Bug #3485
closedstatd is not handling incoming SM_NOTIFY properly when the hostname is not resolvable
90%
Description
Steps to reproduce:
Prerequisites:
- illumos based NFS server named SERVER
- an NFS client with hostname CLIENT. The client's hostname CLIENT should not be resolvable at the SERVER.
Steps:
- On the NFS server share a directory and make it writable by everybody. Let say the shared directory is /DIR.
- On the NFS client mount the shared directory from the SERVER:
mount -o vers=3 SERVER:/DIR /mnt
- On the client run an application that will lock a file.
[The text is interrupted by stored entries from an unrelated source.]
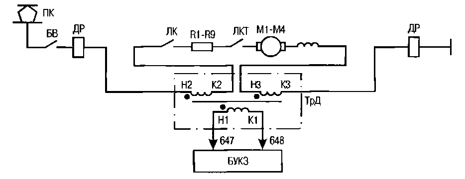питаются током от синхронного генератора через контактор возбуждения КВ по проводам 81, 82, 83 (рис. 3.8). К вторичным обмоткам через тиристор-ный преобразователь (управляемый выпрямительный мост) Тт1-Тт6 подсоединяются обмотки возбуждения тяговых двигателей в режиме электрического торможения с независимым возбуждением. Поскольку эти обмотки входят в высоковольтную схему, а цепи генератора управления относятся к низковольтным цепям, трансформатор ТрВ обеспечивает гальваническую развязку цепей. Он понижает напряжение, которое подается на тиристорный мост Тт1-Тт6. Тиристорами управляет блок САУТ по команде контроллера машиниста.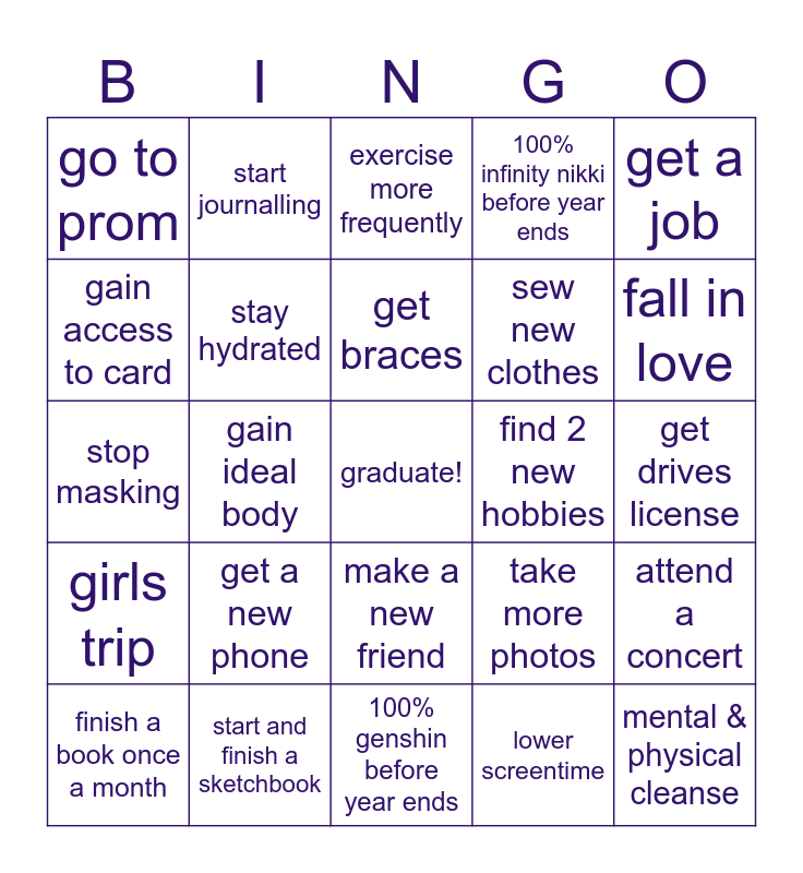This bingo card has a free space and 24 words: finish a book once a month, get a new phone, get braces, lower screentime, get a job, go to prom, start journalling, exercise more frequently, find 2 new hobbies, get drives license, stop masking, stay hydrated, take more photos, attend a concert, gain access to card, start and finish a sketchbook, 100% genshin before year ends, 100% infinity nikki before year ends, fall in love, girls trip, gain ideal body, make a new friend, sew new clothes and mental & physical cleanse.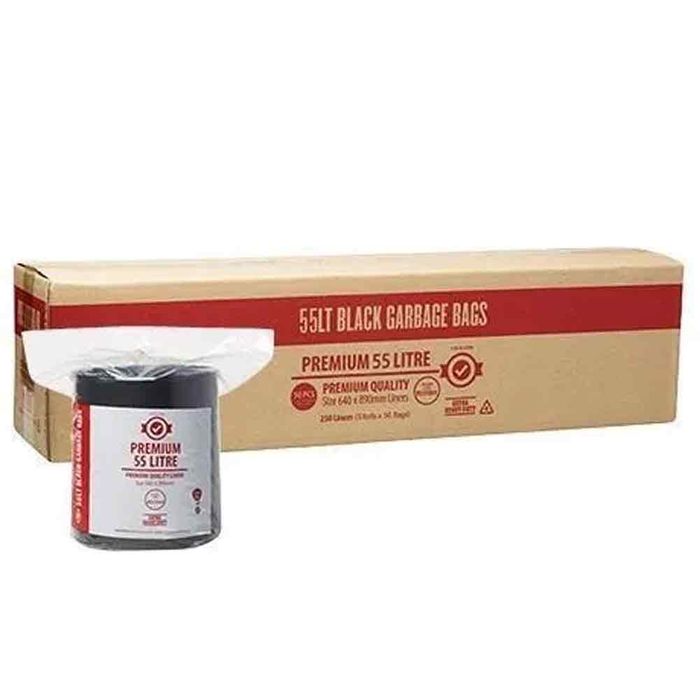 The 55L Premium EHD Bin Liner in Black is made from high-quality LDPE, offering extra strength and durability for heavier loads. These tear-resistant bin liners are designed for demanding tasks, ensuring reliability in various settings. Each liner measures 830mm x 630mm and is made from 100% recycled materials, contributing to eco-friendly waste management. The liners are conveniently packaged on tear-off rolls, with 5 rolls of 50 bags per carton, making them easy to dispense and store. Perfect for heavy-duty use, these liners provide exceptional durability and strength.
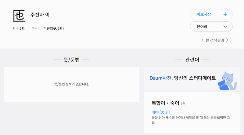 모양만 봐도 낯선 한자를 음과 뜻, 획수까지 바로 찾아볼 수 있게 도와주는 기능이에요. 옥편 한자찾기는 다음 한자사전 홈페이지에서 이용 가능 합니다.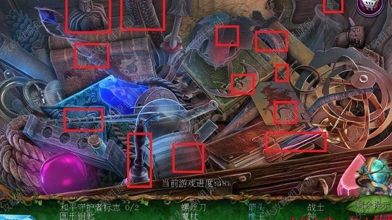从左侧麻袋取得小刀,用于右上方红色宝石,获得红心宝石。将红心宝石嵌入中间偏右的心形凹槽,补全后左侧出现钥匙和紫色水晶。

I use the locker testing application (see below for the source):
./locker /mnt/a
- At the server make sure the lock is held:
echo ::nlm_lockson | mdb -k
- Turn off the NFS client (normal reboot is not enough!).
- Boot the NFS client back.
- At the NFS server check whether there is still the lock held by the NFS client:
echo ::nlm_lockson | mdb -k
Issue: The lock is still held at the NFS server.
Expected results: The lock should no longer be there.
/* * locker.c */ #include <sys/types.h> #include <sys/stat.h> #include <fcntl.h> #include <unistd.h> #include <stdio.h> int main(int argc, char *argv[]) { int f; if (argc != 2) { printf("missing filename\\n"); return 1; } f = open(argv[1], O_CREAT | O_RDWR, 0777); if (f < 0) { printf("open failed\\n"); return 1; } if (lockf(f, F_LOCK, 0) != 0) { printf("lockf failed\\n"); return 1; } for (;;) sleep(10); return 0; }
Updated by Marcel Telka over 10 years ago
- Status changed from New to In Progress
Updated by Marcel Telka over 10 years ago
Root cause:
In case the client's hostname is not resolvable at the NFS server and the client's statd will send the SM_NOTIFY to the server, the server's statd will compare the received hostname with the monitored hostnames in the send_notice() using hostname_eq().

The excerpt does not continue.